__INFORMATION PROVIDED__.
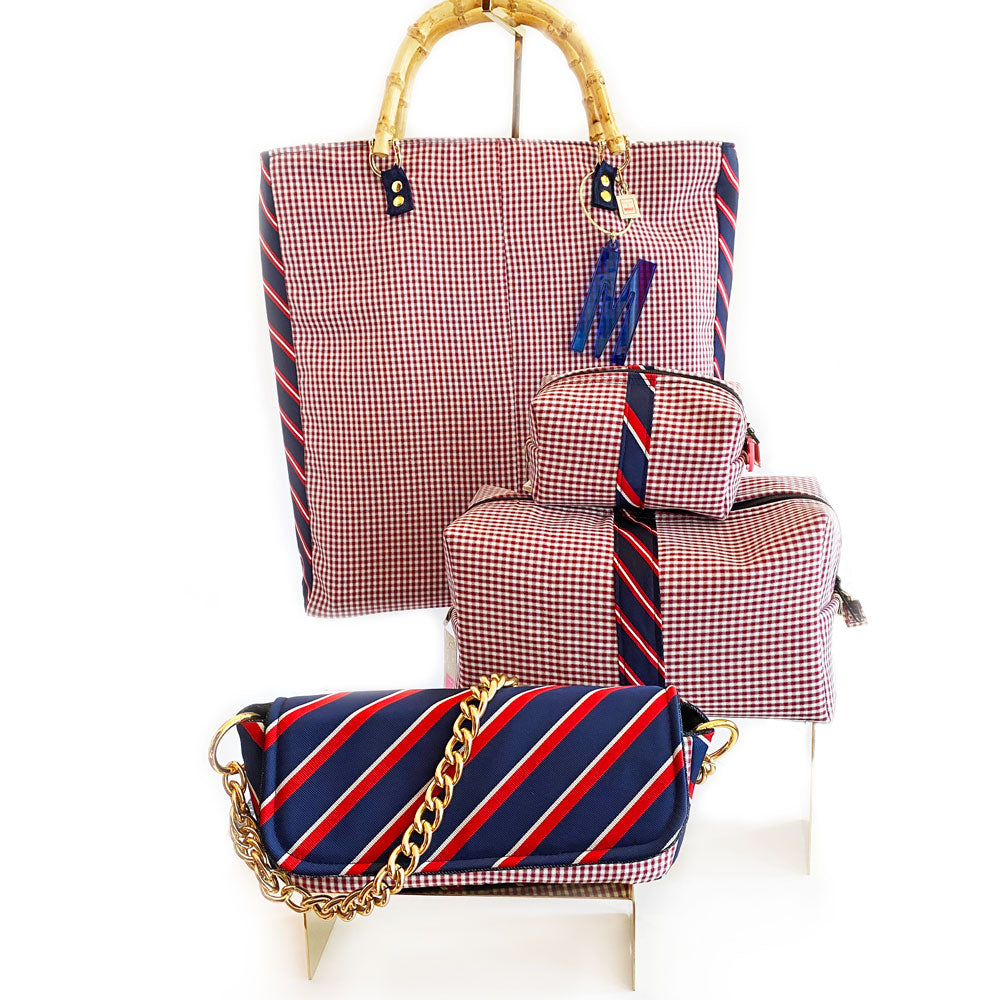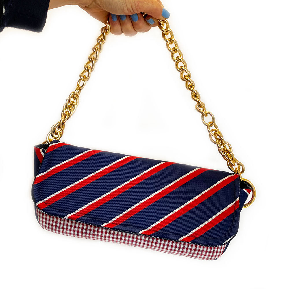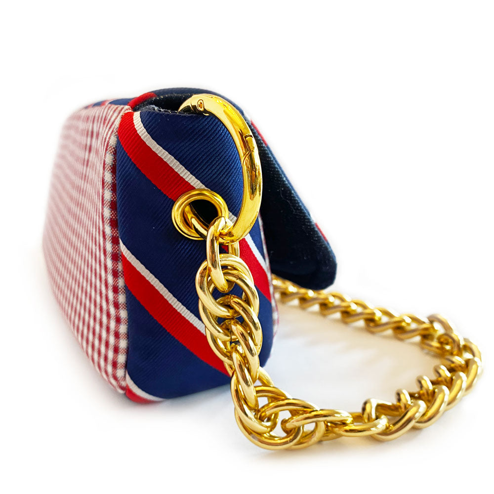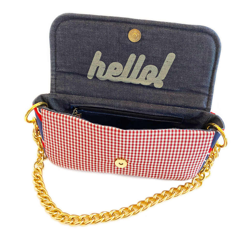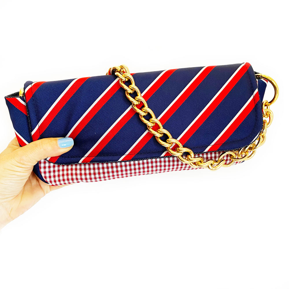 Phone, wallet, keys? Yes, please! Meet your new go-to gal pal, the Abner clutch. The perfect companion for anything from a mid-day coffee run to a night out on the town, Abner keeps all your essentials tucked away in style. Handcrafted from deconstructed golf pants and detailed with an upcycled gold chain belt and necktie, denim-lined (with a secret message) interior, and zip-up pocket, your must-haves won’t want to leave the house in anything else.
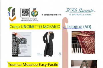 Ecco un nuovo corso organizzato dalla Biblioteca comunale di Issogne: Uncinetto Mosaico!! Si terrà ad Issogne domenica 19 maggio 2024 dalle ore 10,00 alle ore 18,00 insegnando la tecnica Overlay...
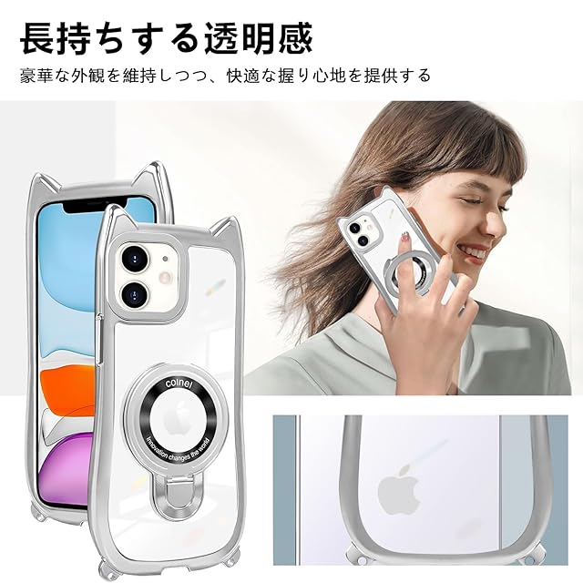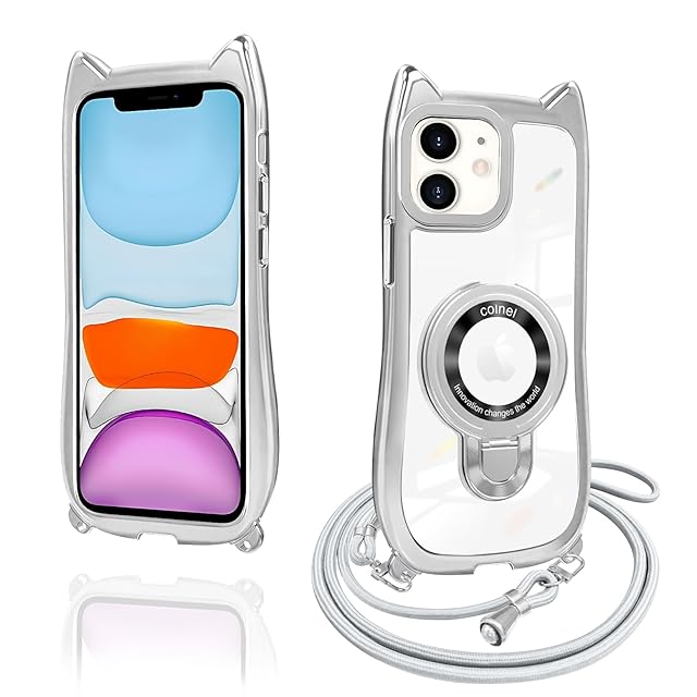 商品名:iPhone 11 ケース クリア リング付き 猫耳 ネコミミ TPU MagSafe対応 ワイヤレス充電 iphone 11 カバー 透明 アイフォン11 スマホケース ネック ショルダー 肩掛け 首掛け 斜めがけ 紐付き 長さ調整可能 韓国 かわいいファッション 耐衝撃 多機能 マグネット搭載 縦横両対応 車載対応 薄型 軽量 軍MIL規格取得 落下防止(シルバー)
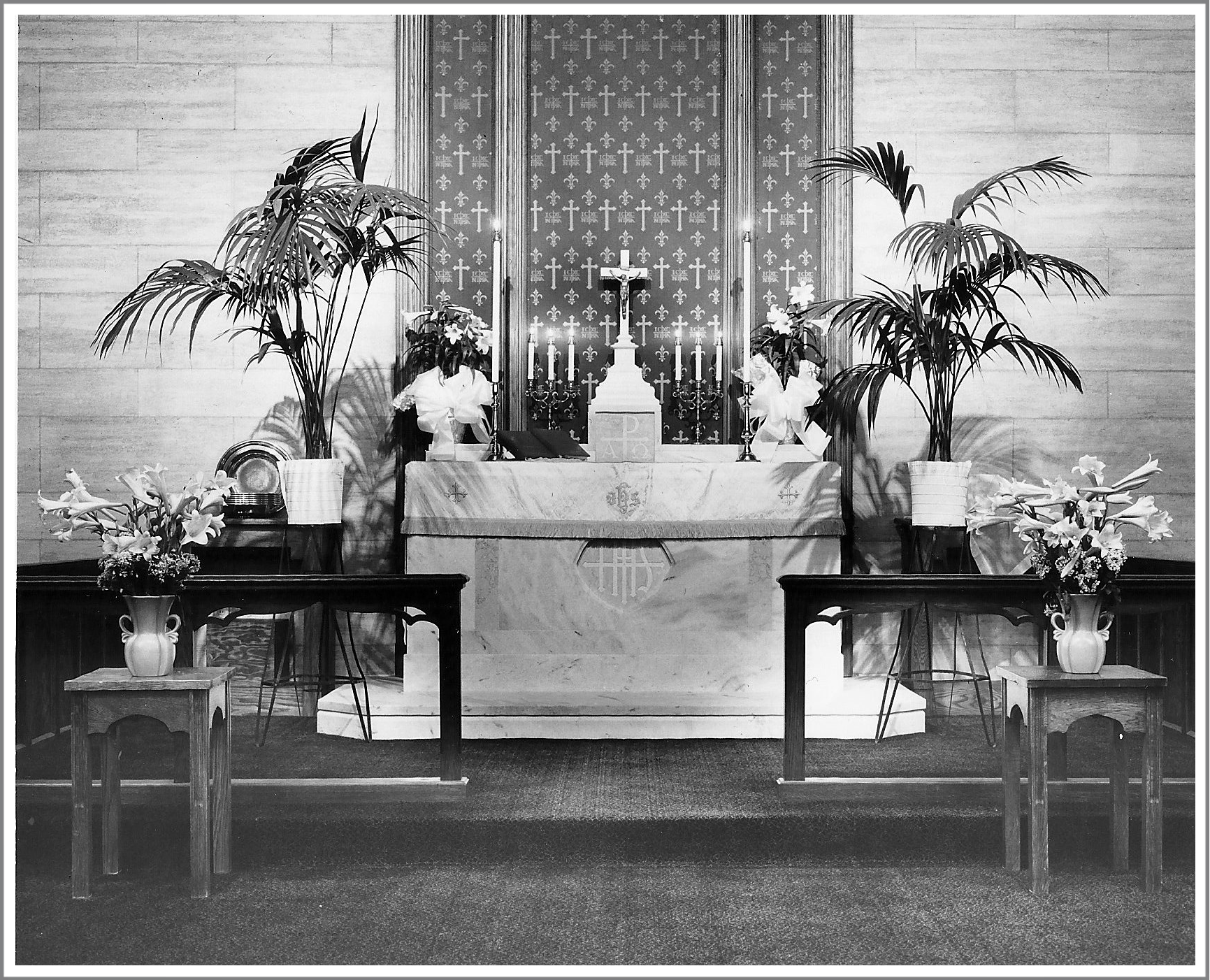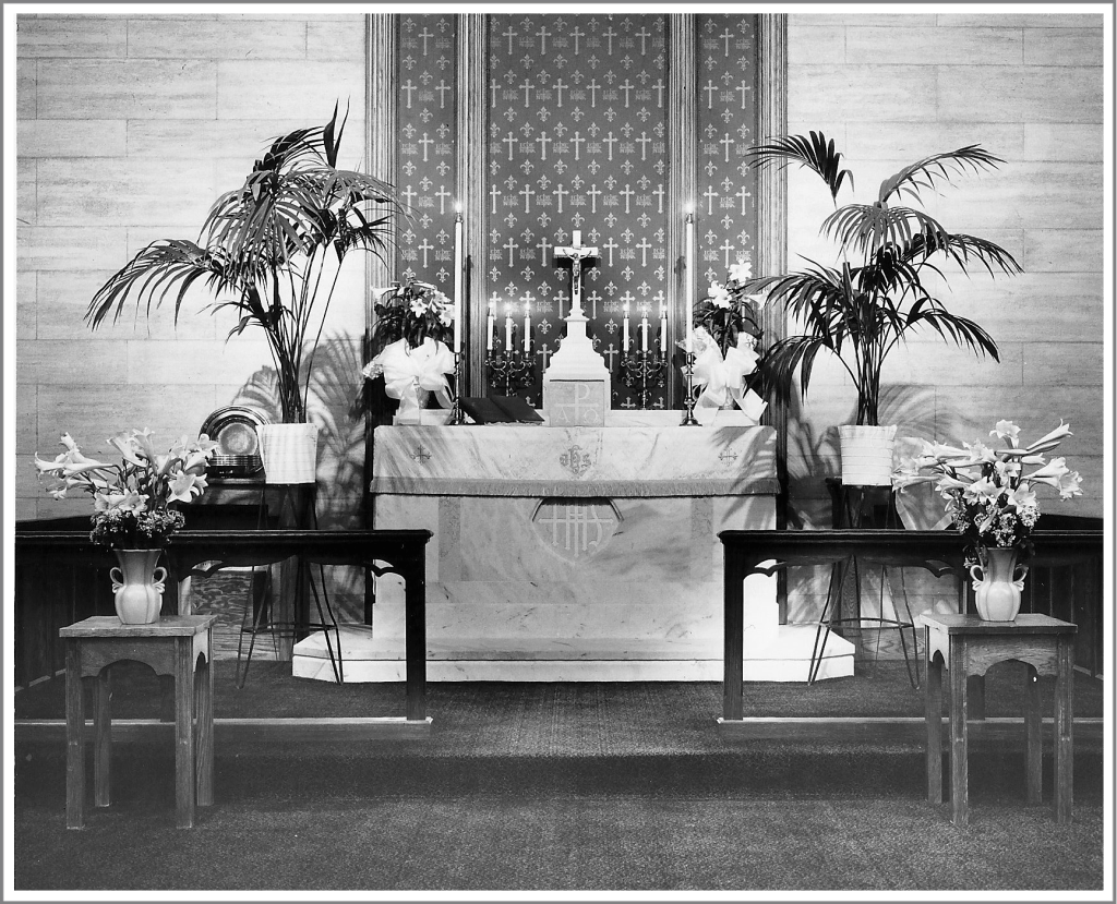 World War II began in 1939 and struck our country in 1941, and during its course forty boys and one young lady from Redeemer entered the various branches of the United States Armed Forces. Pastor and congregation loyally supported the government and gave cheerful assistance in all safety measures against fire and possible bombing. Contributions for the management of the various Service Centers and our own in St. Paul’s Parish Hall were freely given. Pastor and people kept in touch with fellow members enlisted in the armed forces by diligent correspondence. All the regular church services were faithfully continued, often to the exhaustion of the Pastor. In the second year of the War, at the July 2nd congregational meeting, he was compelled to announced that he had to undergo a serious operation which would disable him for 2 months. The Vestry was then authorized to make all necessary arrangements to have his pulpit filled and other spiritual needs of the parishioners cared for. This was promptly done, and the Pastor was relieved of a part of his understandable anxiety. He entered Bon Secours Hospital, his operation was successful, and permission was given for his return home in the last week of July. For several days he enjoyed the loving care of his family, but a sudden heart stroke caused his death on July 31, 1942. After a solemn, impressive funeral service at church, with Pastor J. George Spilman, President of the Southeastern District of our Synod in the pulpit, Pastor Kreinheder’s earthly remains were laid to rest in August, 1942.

__DIRECTIONS FOR THIS TASK__. Output the full material exactly as given, without its pictures.

__RESULT OF THIS TASK__.
 Phone, wallet, keys? Yes, please! Meet your new go-to gal pal, the Abner clutch. The perfect companion for anything from a mid-day coffee run to a night out on the town, Abner keeps all your essentials tucked away in style. Handcrafted from deconstructed golf pants and detailed with an upcycled gold chain belt and necktie, denim-lined (with a secret message) interior, and zip-up pocket, your must-haves won’t want to leave the house in anything else.
 Ecco un nuovo corso organizzato dalla Biblioteca comunale di Issogne: Uncinetto Mosaico!! Si terrà ad Issogne domenica 19 maggio 2024 dalle ore 10,00 alle ore 18,00 insegnando la tecnica Overlay...
 商品名:iPhone 11 ケース クリア リング付き 猫耳 ネコミミ TPU MagSafe対応 ワイヤレス充電 iphone 11 カバー 透明 アイフォン11 スマホケース ネック ショルダー 肩掛け 首掛け 斜めがけ 紐付き 長さ調整可能 韓国 かわいいファッション 耐衝撃 多機能 マグネット搭載 縦横両対応 車載対応 薄型 軽量 軍MIL規格取得 落下防止(シルバー)
 World War II began in 1939 and struck our country in 1941, and during its course forty boys and one young lady from Redeemer entered the various branches of the United States Armed Forces. Pastor and congregation loyally supported the government and gave cheerful assistance in all safety measures against fire and possible bombing. Contributions for the management of the various Service Centers and our own in St. Paul’s Parish Hall were freely given. Pastor and people kept in touch with fellow members enlisted in the armed forces by diligent correspondence. All the regular church services were faithfully continued, often to the exhaustion of the Pastor. In the second year of the War, at the July 2nd congregational meeting, he was compelled to announced that he had to undergo a serious operation which would disable him for 2 months. The Vestry was then authorized to make all necessary arrangements to have his pulpit filled and other spiritual needs of the parishioners cared for. This was promptly done, and the Pastor was relieved of a part of his understandable anxiety. He entered Bon Secours Hospital, his operation was successful, and permission was given for his return home in the last week of July. For several days he enjoyed the loving care of his family, but a sudden heart stroke caused his death on July 31, 1942. After a solemn, impressive funeral service at church, with Pastor J. George Spilman, President of the Southeastern District of our Synod in the pulpit, Pastor Kreinheder’s earthly remains were laid to rest in August, 1942.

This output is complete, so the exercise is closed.